**** Records ****
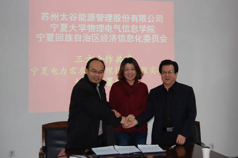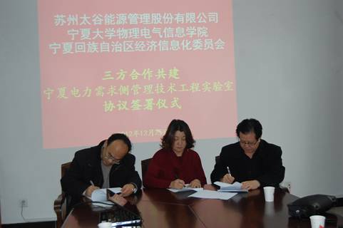 2012年12月25日下午,苏州太谷能源管理股份有限公司董事长曹萍女士、宁夏回族自治区经济信息化委员会电力处闫学忠处长、线上老虎机 物理电气信息线上老虎机 李新碗院长在线上老虎机 208会议室共同出席并签署由苏州太谷能源管理股份有限公司、线上老虎机 物理电气信息线上老虎机 、宁夏回族自治区经济信息化委员会电能服务中心三方共同建设宁夏电力需求侧管理技术工程实验室合作协议。
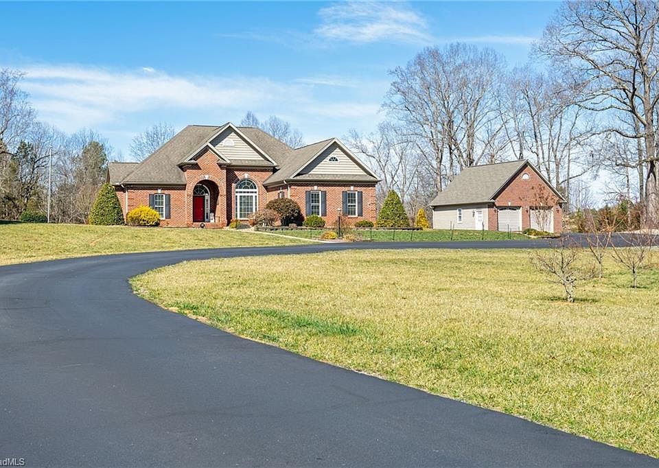 Motivated seller! Stunning brick estate on 6.88+/- private acres in North Davidson County, NC. This spacious one-level home features a finished walk-out basement, an attached two-car garage, a detached two-car garage, and a scenic setting. Inside, enjoy soaring ceilings, solid hardwood floors, and abundant natural light. The main level offers a spacious primary ensuite with an updated bath, a Jack-and-Jill bath shared by two bedrooms, an updated kitchen with stainless steel Bosch appliances and a gas stove, a breakfast nook, formal dining, and a laundry room. The basement boasts a den, his-and-her offices, a theater, a bedroom, a full bath, and a sitting room. A winding driveway leads to a 25-year wrnty Trex deck, brick patio & multiple outbuildings. Primary HVAC updated in OCT 2025 w/ 12 year warranty & 5 mini splits installed 2022 for custom zoned comfort on LL. This serene retreat offers privacy, space, and charm—just minutes from local amenities. Don’t miss this rare opportunity!
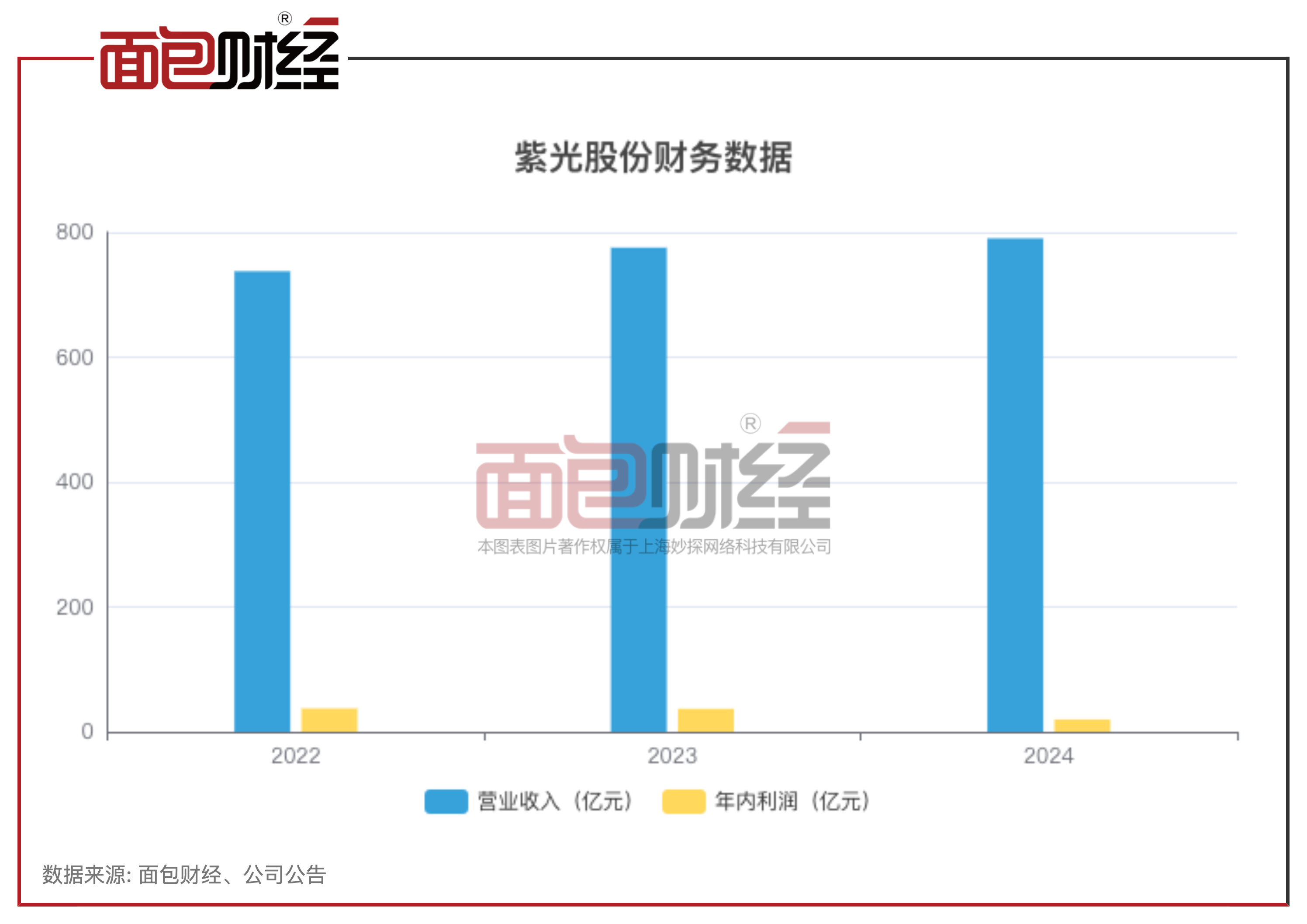 紫光股份近3年收入持续增长,2024年实现营业总收入790.24亿元,同比增长2.22%。相比之下,公司同期年内利润持续下滑,2024年公司年内利润为19.82亿元,同比降超46%。
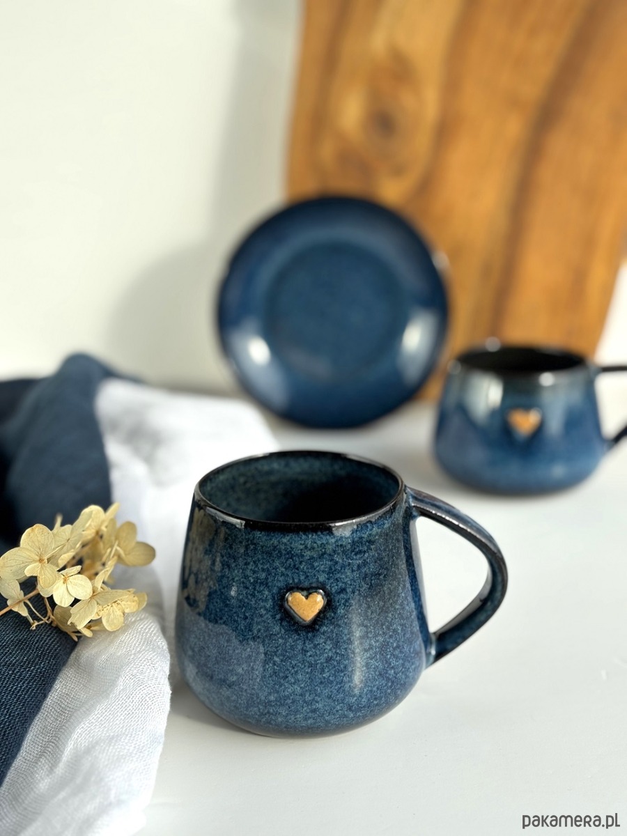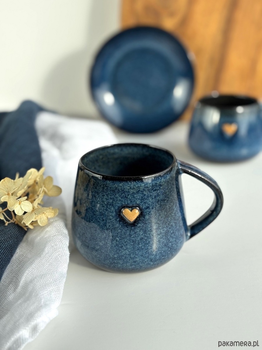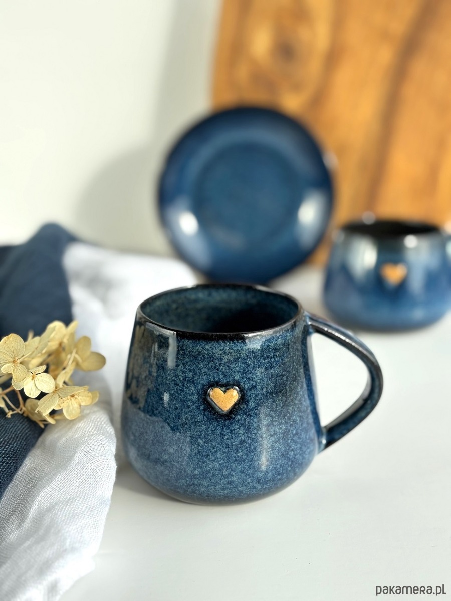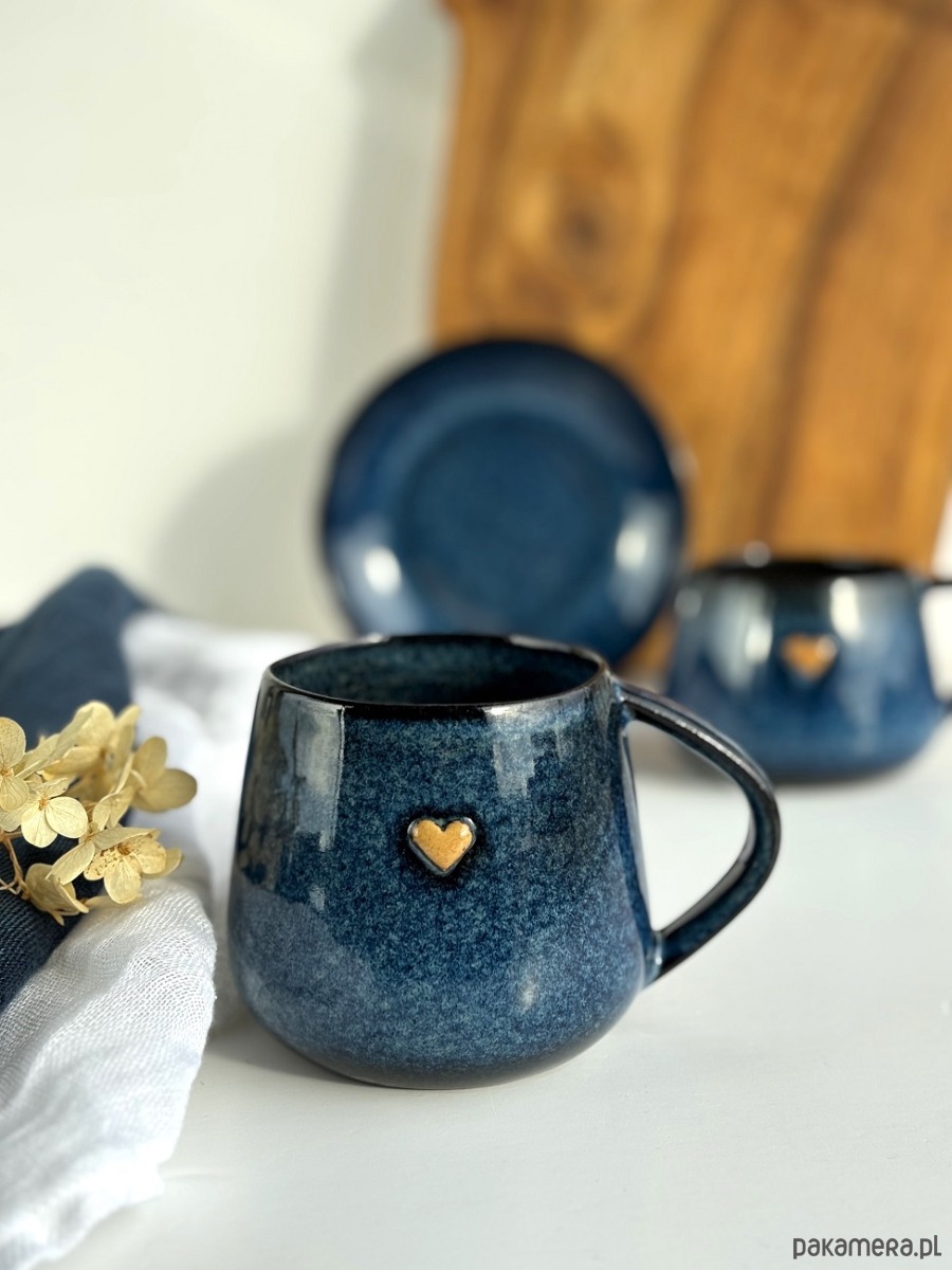 Kubek Beczułka ręcznie robiony 320 ml - Granatowy z sercem
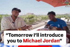 直播中,字母哥提到自己第二天要去見喬丹,問甲亢哥想不想去。甲亢哥說想去,然后字母哥說:“但你可不敢朝著喬丹(像你平時一樣)瞎嚷嚷,喬丹會笑話你的?!?/p>
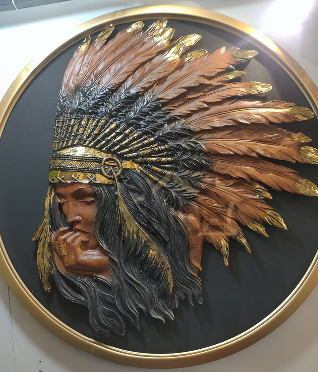 این تابلو بسیار زیبا با قطر ۱۰۵ سانت تولید شده است و جنس طرح سرخ پوست بصورت فایبر بوده و کاملا نشکن است
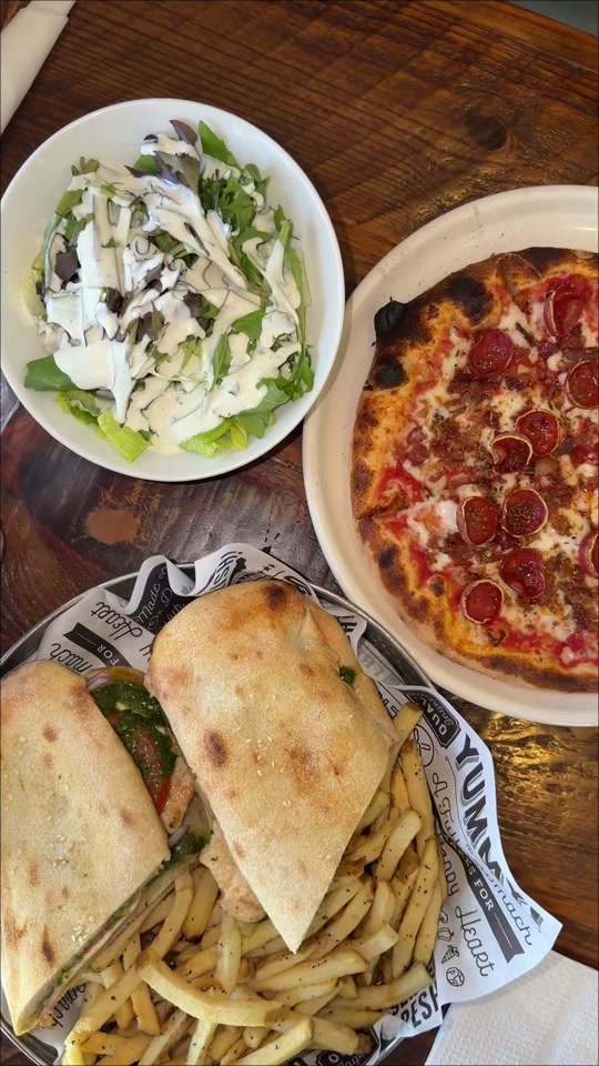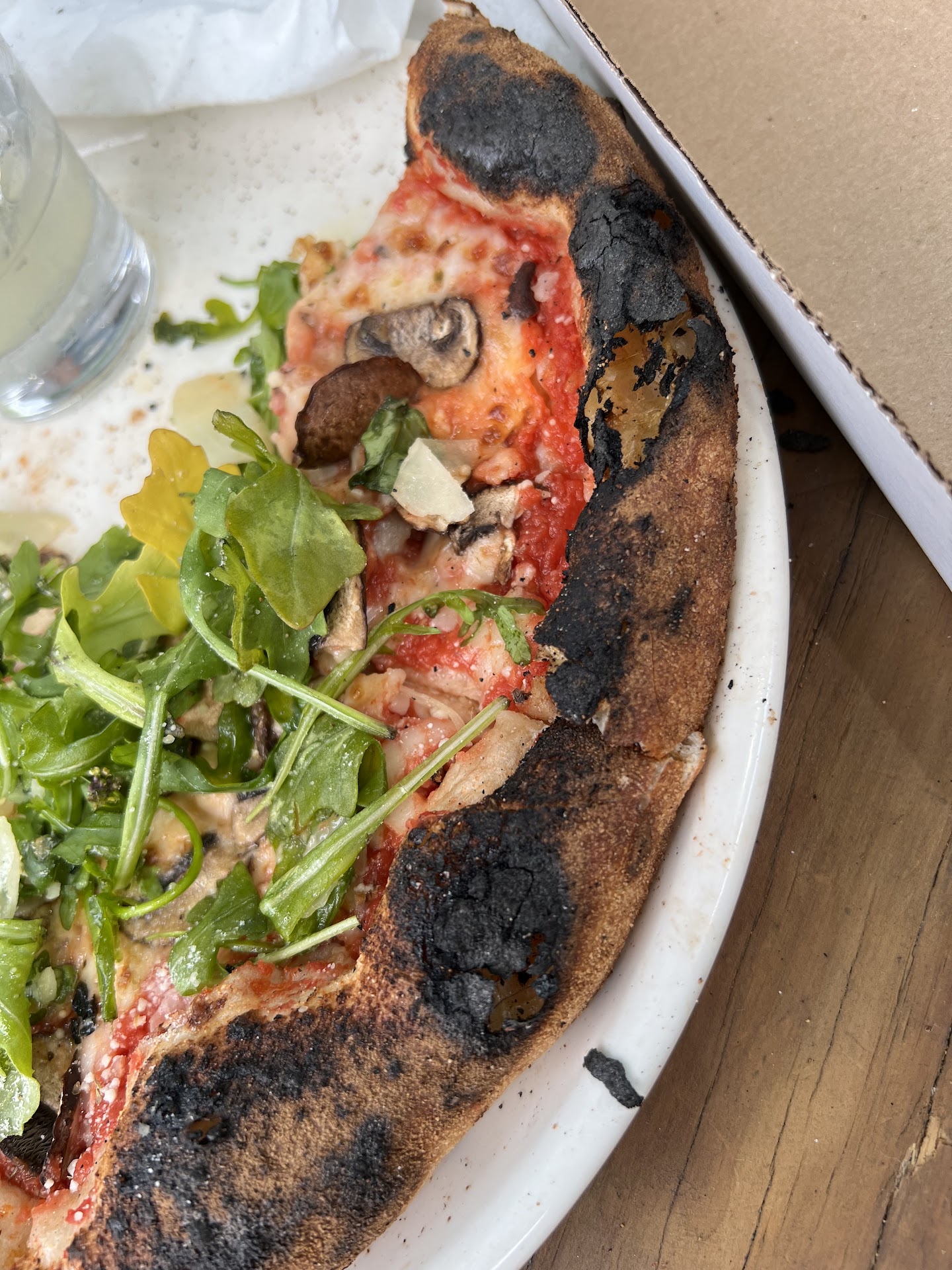 We split the meatball pizza and a Cobb salad. The salad was fine, mostly forgettable although avocado was a nice touch. The pizza had great flavor but it was on the smaller side (too big to be a personal pizza but too small to share without adding something else). The crust had a decent chew and some potential but it needed another 30 seconds or so in the oven to get a good char. The table next to us got a pizza that got a far better and longer bake, which doesn’t speak highly of the quality control for a self-described pizza company.
****
Return word for word the lines of the listing above, starting at the line with "紫光股份近3年收入持续增长,2024年实" and ending at the line with "این تابلو بسیار", both included. Pictures do not belong in the copy.

 紫光股份近3年收入持续增长,2024年实现营业总收入790.24亿元,同比增长2.22%。相比之下,公司同期年内利润持续下滑,2024年公司年内利润为19.82亿元,同比降超46%。
 Kubek Beczułka ręcznie robiony 320 ml - Granatowy z sercem
 直播中,字母哥提到自己第二天要去見喬丹,問甲亢哥想不想去。甲亢哥說想去,然后字母哥說:“但你可不敢朝著喬丹(像你平時一樣)瞎嚷嚷,喬丹會笑話你的?!?/p>
 این تابلو بسیار زیبا با قطر ۱۰۵ سانت تولید شده است و جنس طرح سرخ پوست بصورت فایبر بوده و کاملا نشکن است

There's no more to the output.